産経新聞の社説「主張」(11月21日付)。見出しは「COP23と日本 脱原発では気温下がらぬ」。

読み解くポイントは「原発への賛否」

地球の温暖化を食い止めるには、石炭や石油などの化石燃料の使用を止めることだ。しかし化石燃料に代わる最適なエネルギーがない。

たとえば温暖化防止に結びつくエネルギー源のひとつに原子力発電がある。だが福島第一原発のようにひとたび事故を起こすと、その被害は甚大だ。放射性廃棄物の処理の問題もある。

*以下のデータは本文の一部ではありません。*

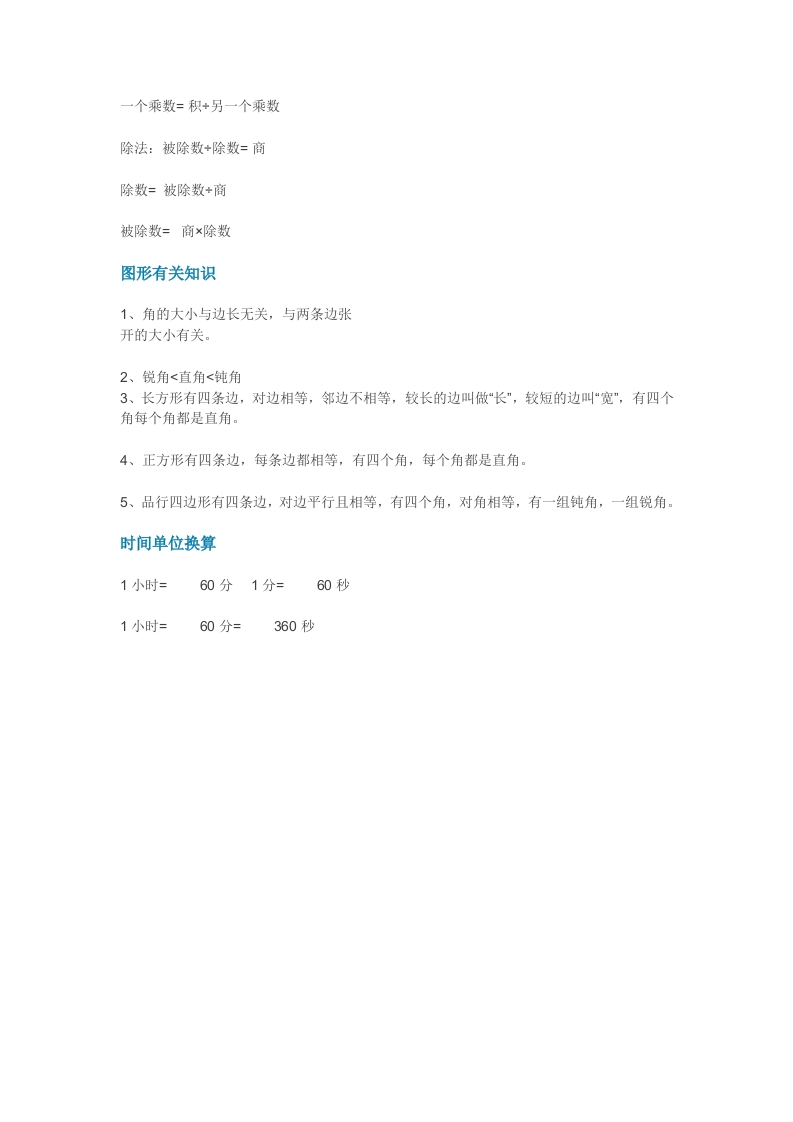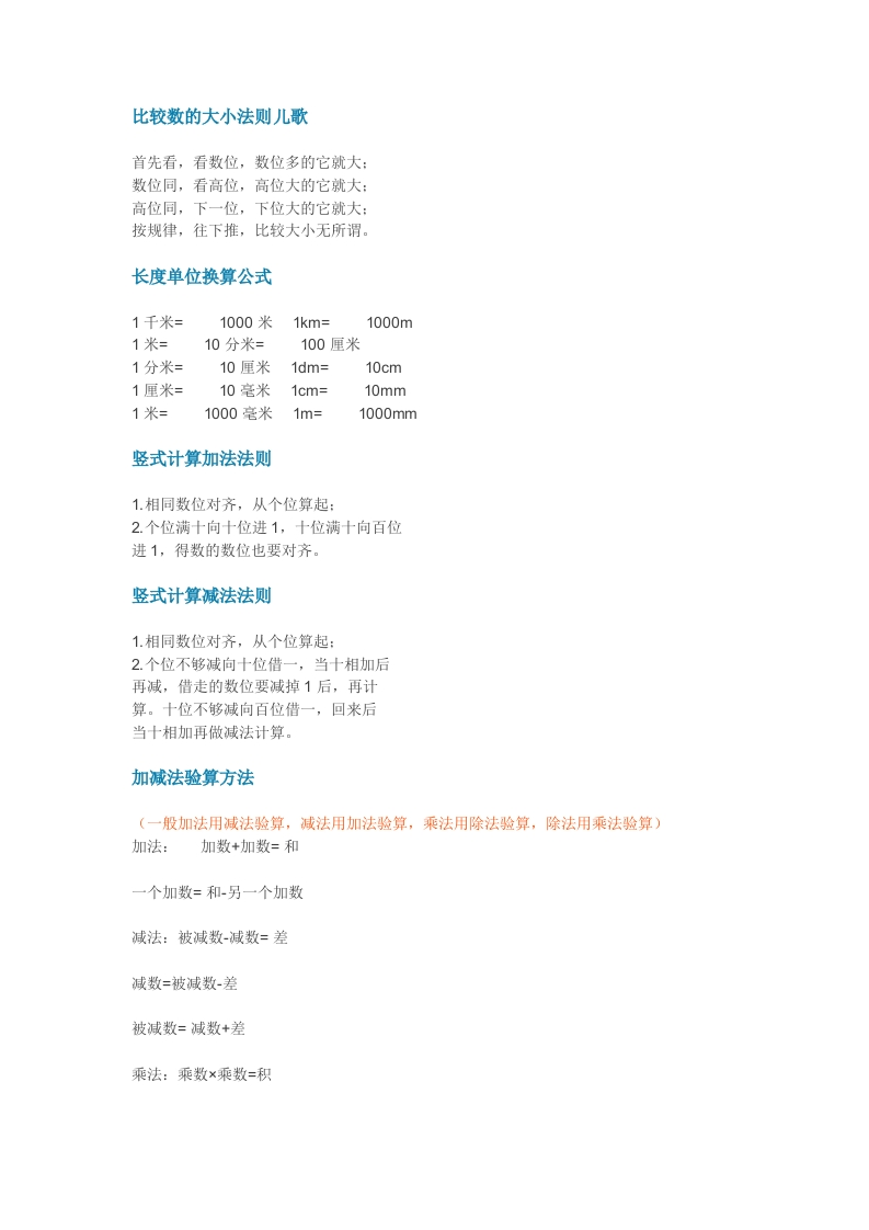 二年级数学公式、法则、儿歌、口诀除法的竖式计算口诀和法则1、除号写端正,数位要对齐,被除数里面藏,除数对面站,商在上面看。2、用乘法口诀试商,又快又准确:3、有余数除法口诀一试:除数和几相乘的积最接近被除数,又比被除数小,上就是几。二乘:商和除数的积写在被除数下面。三减:被除数减去商和除数的积。四比:余数和除数比,余数要比除数小。有余数的除法运用规律运用有余数除法的有关知识解决问题时,有图的要先看图,明确题意,再找出相关信息进行计算,最后根据余数确定最终答案。生活中的方向歌早晨起来,面向太阳,前面是东,后面是西,左面是北,右面是南。地图中的方向歌画图要面北,上北、下南、左西、右东。读数写数要牢记读数要大写,写数要小写,读数写数都从最高位起。写数时要注意,哪位有几就写几,没有数时有“0”记:读书时,要牢记,末尾零,都舍去,中间无论几个零,读出一个就可以。

もうひとつの選択肢は太陽光発電に代表される自然(再生可能)エネルギーだ。しかし生活基盤を担う「ベース電源」とするには、現状ではまだ不安定だ。

将来、私たちはエネルギー源をどこに求めたらいいのだろうか。

地球の温暖化対策を話し合うため、ドイツのボンで開かれていた「COP23」(第23回国連気候変動枠組み条約締約国会議)が11月18日(現地時間)、閉幕した。これにあわせて新聞各紙の社説も温暖化対策について論じている。だが、各紙の書きぶりにはかなり違いがある。読み解くポイントは「原発への賛否」だ。

日本の温暖化対策を憂える産経

11月21日付の産経新聞の社説は「COP23と日本」というタイトルを付け、「脱原発では気温下がらぬ」(見出し)と脱原発をストレートに否定する論を展開していた。産経お得意の主張である。

その冒頭で「地球温暖化対策は加速傾向を強めている。日本はこの潮流に対応できるのだろうか」と書き、このままでは日本は温暖化対策の「加速」の波に乗れないと憂える。

そのうえで加速についてこう説明していく。

「温室効果ガスの排出削減に加盟国が自主目標で取り組む『パリ協定』は、2020年から実施に移る。運用に当たっては削減量を確認するルールなどが必要で、来年のポーランドでのCOP24で決定される段取りとなっている。今回はその下準備という位置づけだったが、議論の加速が起こり、COP24の前に追加会合を開催する流れも生まれた」

産経社説は日本の現状について「パリ協定で、30年度の温室効果ガス排出を『13年度比26%減』とする目標を公約している。『京都議定書』で負った6%減でさえ、苦しみ抜いて達成した。26%減は、その比でない」と訴える。